--- Input for this task ---
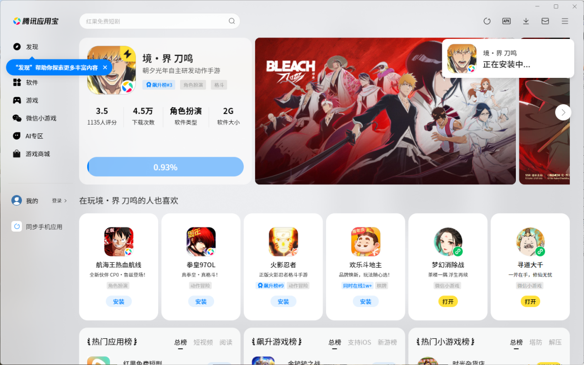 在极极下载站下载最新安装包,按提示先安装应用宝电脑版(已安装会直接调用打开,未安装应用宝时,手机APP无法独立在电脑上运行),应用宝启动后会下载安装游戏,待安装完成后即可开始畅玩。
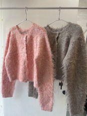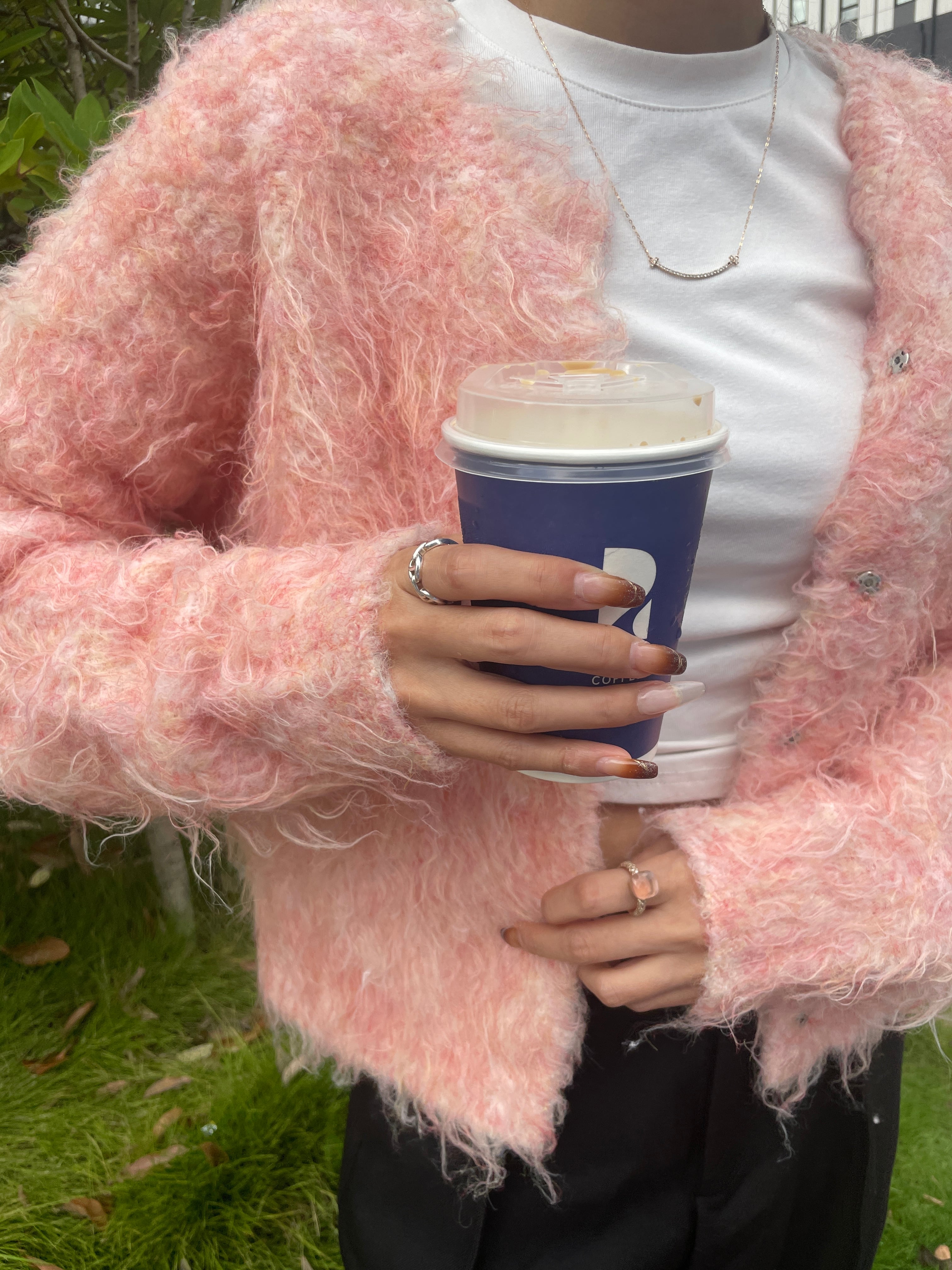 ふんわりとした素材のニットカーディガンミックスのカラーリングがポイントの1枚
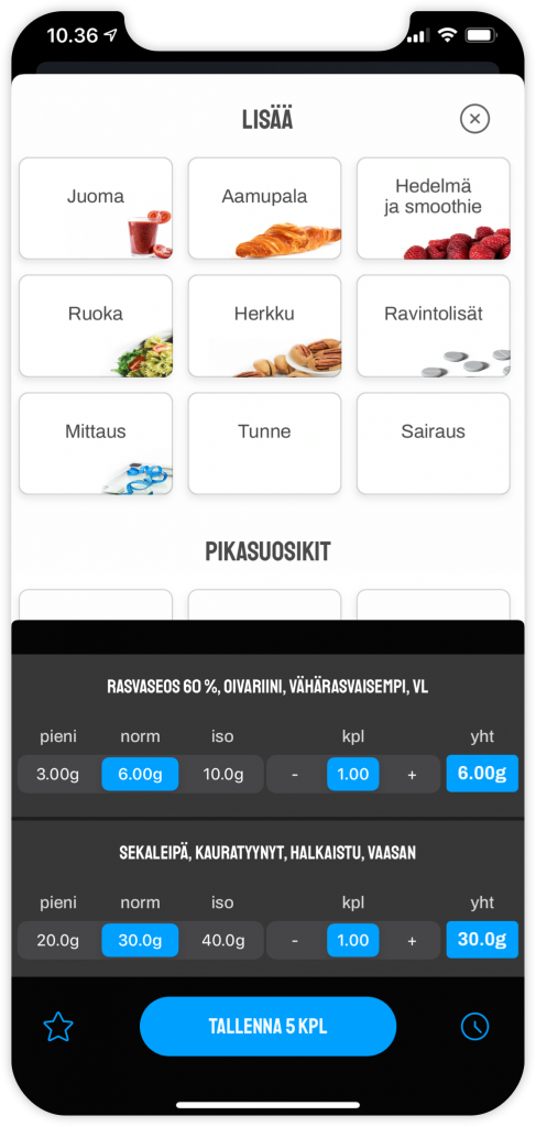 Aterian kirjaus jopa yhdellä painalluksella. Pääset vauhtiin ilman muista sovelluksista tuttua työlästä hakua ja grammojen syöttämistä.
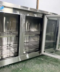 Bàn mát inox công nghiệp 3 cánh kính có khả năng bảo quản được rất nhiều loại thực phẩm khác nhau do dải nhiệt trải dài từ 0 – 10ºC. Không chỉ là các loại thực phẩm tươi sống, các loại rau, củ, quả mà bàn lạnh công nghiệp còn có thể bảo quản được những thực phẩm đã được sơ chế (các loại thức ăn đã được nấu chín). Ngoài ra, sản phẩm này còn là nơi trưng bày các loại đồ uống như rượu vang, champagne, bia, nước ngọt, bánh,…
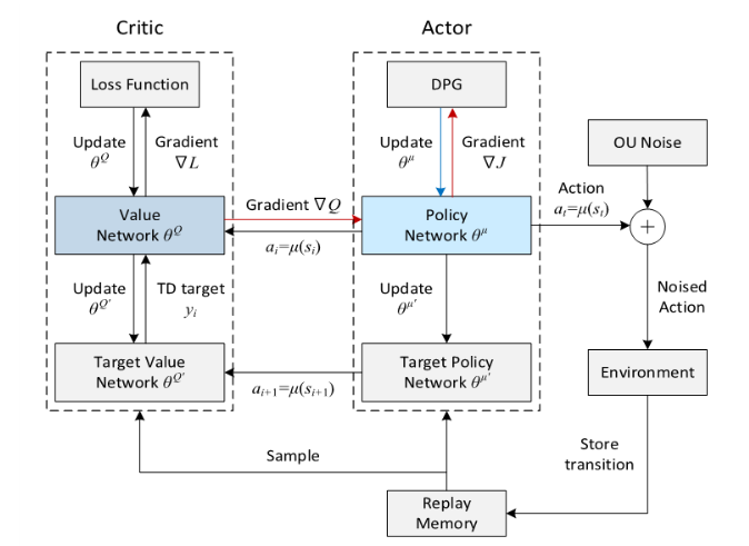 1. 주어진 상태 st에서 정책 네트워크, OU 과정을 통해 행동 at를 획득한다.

--- Work instructions ---
When you give the entries again, keep them exact and omit any picture they contain.

--- Expected answer ---
 在极极下载站下载最新安装包,按提示先安装应用宝电脑版(已安装会直接调用打开,未安装应用宝时,手机APP无法独立在电脑上运行),应用宝启动后会下载安装游戏,待安装完成后即可开始畅玩。
 ふんわりとした素材のニットカーディガンミックスのカラーリングがポイントの1枚
 Aterian kirjaus jopa yhdellä painalluksella. Pääset vauhtiin ilman muista sovelluksista tuttua työlästä hakua ja grammojen syöttämistä.
 Bàn mát inox công nghiệp 3 cánh kính có khả năng bảo quản được rất nhiều loại thực phẩm khác nhau do dải nhiệt trải dài từ 0 – 10ºC. Không chỉ là các loại thực phẩm tươi sống, các loại rau, củ, quả mà bàn lạnh công nghiệp còn có thể bảo quản được những thực phẩm đã được sơ chế (các loại thức ăn đã được nấu chín). Ngoài ra, sản phẩm này còn là nơi trưng bày các loại đồ uống như rượu vang, champagne, bia, nước ngọt, bánh,…
 1. 주어진 상태 st에서 정책 네트워크, OU 과정을 통해 행동 at를 획득한다.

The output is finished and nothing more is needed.